_Instructions to follow_
Set out exactly, line by line, the stretch of data below that begins at the line containing "為宣傳推廣公司代收水費業務,公司客戶服務" and ends at the line containing "الدكتور: عبدالرحمن السديس", with both ends kept.

_Study material_
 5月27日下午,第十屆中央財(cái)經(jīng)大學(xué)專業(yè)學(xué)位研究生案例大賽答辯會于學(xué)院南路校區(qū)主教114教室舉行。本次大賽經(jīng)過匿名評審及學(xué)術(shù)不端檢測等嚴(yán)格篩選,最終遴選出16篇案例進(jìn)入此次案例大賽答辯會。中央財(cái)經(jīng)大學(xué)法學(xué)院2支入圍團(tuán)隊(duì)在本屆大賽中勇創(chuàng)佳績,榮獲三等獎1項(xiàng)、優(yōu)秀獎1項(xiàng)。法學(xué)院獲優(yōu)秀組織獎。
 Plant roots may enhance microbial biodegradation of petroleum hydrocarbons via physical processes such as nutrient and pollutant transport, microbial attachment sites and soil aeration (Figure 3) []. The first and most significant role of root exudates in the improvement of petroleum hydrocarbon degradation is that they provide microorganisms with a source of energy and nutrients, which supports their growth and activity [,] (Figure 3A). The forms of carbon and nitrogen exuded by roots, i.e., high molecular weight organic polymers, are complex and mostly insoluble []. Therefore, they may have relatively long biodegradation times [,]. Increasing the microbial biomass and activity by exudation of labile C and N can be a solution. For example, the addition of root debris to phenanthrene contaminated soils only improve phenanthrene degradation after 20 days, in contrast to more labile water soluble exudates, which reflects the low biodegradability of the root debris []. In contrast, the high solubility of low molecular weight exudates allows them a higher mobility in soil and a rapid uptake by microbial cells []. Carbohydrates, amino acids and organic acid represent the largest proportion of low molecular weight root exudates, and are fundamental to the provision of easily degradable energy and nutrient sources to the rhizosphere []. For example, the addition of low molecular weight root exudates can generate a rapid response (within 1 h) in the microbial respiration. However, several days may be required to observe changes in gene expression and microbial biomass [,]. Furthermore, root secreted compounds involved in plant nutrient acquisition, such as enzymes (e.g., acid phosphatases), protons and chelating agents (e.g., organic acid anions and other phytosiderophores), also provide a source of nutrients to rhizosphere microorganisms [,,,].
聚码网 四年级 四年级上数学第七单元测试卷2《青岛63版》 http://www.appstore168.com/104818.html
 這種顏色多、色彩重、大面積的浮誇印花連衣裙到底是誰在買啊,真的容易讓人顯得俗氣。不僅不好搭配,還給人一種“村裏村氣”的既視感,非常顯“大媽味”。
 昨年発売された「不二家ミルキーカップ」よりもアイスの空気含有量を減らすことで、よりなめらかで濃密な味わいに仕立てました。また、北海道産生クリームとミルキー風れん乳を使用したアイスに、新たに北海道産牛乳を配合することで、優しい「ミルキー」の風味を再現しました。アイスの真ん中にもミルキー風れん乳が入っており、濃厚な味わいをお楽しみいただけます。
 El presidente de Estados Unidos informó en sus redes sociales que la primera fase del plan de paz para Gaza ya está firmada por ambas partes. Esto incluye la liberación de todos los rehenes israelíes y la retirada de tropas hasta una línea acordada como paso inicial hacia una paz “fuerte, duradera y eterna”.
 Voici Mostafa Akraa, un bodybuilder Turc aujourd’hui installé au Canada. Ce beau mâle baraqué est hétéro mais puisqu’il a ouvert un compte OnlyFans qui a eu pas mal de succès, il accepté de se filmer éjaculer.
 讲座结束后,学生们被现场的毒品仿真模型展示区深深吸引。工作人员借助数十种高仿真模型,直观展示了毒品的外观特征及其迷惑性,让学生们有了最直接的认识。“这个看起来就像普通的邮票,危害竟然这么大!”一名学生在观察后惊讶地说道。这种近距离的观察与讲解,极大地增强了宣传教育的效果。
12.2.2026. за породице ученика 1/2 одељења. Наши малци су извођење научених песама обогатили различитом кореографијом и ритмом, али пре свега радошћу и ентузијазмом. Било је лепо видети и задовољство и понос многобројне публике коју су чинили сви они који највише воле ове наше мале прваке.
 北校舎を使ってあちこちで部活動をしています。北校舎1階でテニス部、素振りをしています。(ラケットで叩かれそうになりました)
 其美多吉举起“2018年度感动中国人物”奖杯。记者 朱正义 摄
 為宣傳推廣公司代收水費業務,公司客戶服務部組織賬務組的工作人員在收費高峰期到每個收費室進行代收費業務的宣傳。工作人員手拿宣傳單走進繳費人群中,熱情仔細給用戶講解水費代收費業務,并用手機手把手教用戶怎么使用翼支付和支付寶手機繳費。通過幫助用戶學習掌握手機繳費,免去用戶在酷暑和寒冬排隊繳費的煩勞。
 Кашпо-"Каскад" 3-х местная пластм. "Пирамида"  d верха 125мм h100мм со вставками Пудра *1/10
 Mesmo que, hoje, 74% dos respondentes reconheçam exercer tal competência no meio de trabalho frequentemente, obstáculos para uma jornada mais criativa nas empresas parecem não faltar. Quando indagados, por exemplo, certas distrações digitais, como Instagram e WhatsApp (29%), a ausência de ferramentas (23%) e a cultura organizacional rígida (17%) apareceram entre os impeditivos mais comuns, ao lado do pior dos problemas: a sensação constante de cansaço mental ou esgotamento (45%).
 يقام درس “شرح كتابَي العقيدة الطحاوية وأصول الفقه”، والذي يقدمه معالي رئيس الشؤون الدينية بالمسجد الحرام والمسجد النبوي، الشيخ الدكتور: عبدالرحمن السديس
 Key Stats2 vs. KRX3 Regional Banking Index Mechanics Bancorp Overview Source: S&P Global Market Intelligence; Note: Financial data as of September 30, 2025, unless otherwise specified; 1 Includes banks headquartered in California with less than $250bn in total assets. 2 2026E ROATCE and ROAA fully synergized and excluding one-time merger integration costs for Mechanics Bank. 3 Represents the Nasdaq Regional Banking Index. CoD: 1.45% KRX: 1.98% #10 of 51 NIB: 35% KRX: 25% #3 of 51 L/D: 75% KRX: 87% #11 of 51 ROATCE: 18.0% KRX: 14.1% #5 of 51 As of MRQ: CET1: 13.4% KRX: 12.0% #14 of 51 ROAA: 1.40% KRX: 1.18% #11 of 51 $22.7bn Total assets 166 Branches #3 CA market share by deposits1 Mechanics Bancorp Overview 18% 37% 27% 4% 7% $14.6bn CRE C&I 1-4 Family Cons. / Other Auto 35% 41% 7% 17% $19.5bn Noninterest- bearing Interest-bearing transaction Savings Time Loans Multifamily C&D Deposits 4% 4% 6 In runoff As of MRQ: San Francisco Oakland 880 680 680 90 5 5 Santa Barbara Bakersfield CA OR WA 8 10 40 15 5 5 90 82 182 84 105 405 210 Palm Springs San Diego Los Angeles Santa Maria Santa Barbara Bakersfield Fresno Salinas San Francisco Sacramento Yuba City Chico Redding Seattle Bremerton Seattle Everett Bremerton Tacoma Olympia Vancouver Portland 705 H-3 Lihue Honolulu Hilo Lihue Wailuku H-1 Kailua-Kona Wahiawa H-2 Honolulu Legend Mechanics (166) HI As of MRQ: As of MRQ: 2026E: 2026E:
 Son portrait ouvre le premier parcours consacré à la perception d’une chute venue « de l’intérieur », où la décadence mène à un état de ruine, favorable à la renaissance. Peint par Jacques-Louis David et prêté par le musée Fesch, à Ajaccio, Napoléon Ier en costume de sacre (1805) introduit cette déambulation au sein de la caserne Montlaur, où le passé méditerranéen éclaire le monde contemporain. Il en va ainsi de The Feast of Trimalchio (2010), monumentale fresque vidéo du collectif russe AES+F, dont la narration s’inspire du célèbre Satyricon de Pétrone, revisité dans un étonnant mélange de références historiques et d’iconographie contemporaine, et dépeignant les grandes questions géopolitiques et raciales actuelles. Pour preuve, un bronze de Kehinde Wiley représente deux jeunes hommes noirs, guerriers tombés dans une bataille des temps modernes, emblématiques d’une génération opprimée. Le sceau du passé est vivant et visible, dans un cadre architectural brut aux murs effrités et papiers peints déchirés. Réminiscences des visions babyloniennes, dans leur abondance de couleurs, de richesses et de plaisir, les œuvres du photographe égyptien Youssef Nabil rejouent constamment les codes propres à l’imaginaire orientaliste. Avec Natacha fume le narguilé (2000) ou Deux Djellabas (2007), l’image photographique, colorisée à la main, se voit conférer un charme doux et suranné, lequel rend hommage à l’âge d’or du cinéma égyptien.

_Result of this exercise_
 為宣傳推廣公司代收水費業務,公司客戶服務部組織賬務組的工作人員在收費高峰期到每個收費室進行代收費業務的宣傳。工作人員手拿宣傳單走進繳費人群中,熱情仔細給用戶講解水費代收費業務,并用手機手把手教用戶怎么使用翼支付和支付寶手機繳費。通過幫助用戶學習掌握手機繳費,免去用戶在酷暑和寒冬排隊繳費的煩勞。
 Кашпо-"Каскад" 3-х местная пластм. "Пирамида"  d верха 125мм h100мм со вставками Пудра *1/10
 Mesmo que, hoje, 74% dos respondentes reconheçam exercer tal competência no meio de trabalho frequentemente, obstáculos para uma jornada mais criativa nas empresas parecem não faltar. Quando indagados, por exemplo, certas distrações digitais, como Instagram e WhatsApp (29%), a ausência de ferramentas (23%) e a cultura organizacional rígida (17%) apareceram entre os impeditivos mais comuns, ao lado do pior dos problemas: a sensação constante de cansaço mental ou esgotamento (45%).
 يقام درس “شرح كتابَي العقيدة الطحاوية وأصول الفقه”، والذي يقدمه معالي رئيس الشؤون الدينية بالمسجد الحرام والمسجد النبوي، الشيخ الدكتور: عبدالرحمن السديس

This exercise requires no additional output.